In the previous article we saw the basic elements of parser combinators, a simple modular technique for parsing context-free languages. In this article we’ll extend the grammar we developed to include other operators, and in so doing we’ll discover how to deal with operator precedence and associativity. But first, we should remind ourselves what these terms mean.

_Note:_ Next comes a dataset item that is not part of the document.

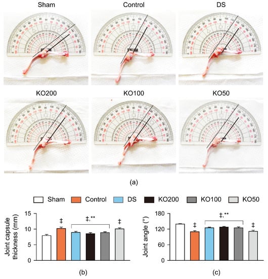 Following all treatments, the thickness of the knee joint capsule exposed from the surrounding tissues was directly measured, and the maximum extension angle of the joint was assessed (Figure 3). Joint capsule swelling and stiffness were evident in the OA control, while they were mild in the DS and KO treatment groups (Figure 3a). Indeed, the thickness of the joint capsule was increased in the OA control compared to the sham (p < 0.01); however, it was significantly reduced in the DS, KO200, and KO100 groups compared to the OA control (p < 0.01, Figure 3b). The maximal extension angle was reduced in the OA control compared to the sham (p < 0.01); however, it was increased in the DS, KO200, and KO100 compared to the OA control (p < 0.01, Figure 3c).

Precedence refers to the order in which operations should be performed when
a program does not give an explicit order. In some languages, all arithmetic
expressions must be explicitly parenthesised to indicate their order, for
example in Lisp dialects we’d typically write (+ (* 2 3) 4)
or (* 2 (+ 3
4))
. However, in many languages, operators can be chained without parentheses,
as in 2 * 3 + 4
. A parser must decide whether this string represents the
operation (2 * 3) + 4
or 2 * (3 + 4)
. By convention, we usually give
multiplication higher precedence than addition, meaning the string corresponds
to the interpretation (2 * 3) + 4
, so that the multiplication is performed
before the addition. In terms of the parser output, it means we would prefer the
parse tree to be ["+", ["*", 2, 3], 4]
rather than ["*", 2, ["+", 3, 4]]
.
Associativity determines how operators are grouped together when many
instances of the same operator are used in a row. An operator ~
is
left-associative if a ~ b ~ c
should be parsed as (a ~ b) ~ c
, and it is
right-associative if the result should be a ~ (b ~ c)
. For arithmetic
addition, this doesn’t matter: (a + b) + c
and a + (b + c)
give the same
result. However for subtraction the difference is important: (a - b) - c
does
not in general equal a - (b - c)
. By convention, arithmetic subtraction is
usually assumed to be left-associative, that is we choose the (a - b) - c
interpretation.
Parser combinators belong to a family of parsing techniques called recursive
descent, meaning the grammar is represented by having a function for each
rule, and the parse progresses via these functions calling each other. This
mechanism imposes a constraint on how we express the structure of languages. Say
we wanted to add multiplication to our language. One way to express a grammar
for the resulting language might look like this: an expression is an addition, a
multiplication or a number, an addition is two expressions separated by +
, a
multiplication is the same but with *
in place of +
, and a number is defined
as before.
<expression> ::= <addition> | <multiplication> | <number>
<addition> ::= <expression> "+" <expression>
<multiplication> ::= <expression> "*" <expression>
<number> ::= "0" | [1-9] [0-9]*
This grammar is ambiguous. That means that given an expression like 2 * 3 +
4
, both (2 * 3) + 4
and 2 * (3 + 4)
are valid parses, that is they both
conform to the grammar. For example, take 2 * (3 + 4)
: 2
is a number, which
is an expression, ditto for 3
and 4
. 3 + 4
is therefore two expressions
separated by +
, which makes it an addition, and therefore also an expression.
An so, 2 * (3 + 4)
is two expressions separated by *
: a multiplication. You
can follow a similar argument for the other parse.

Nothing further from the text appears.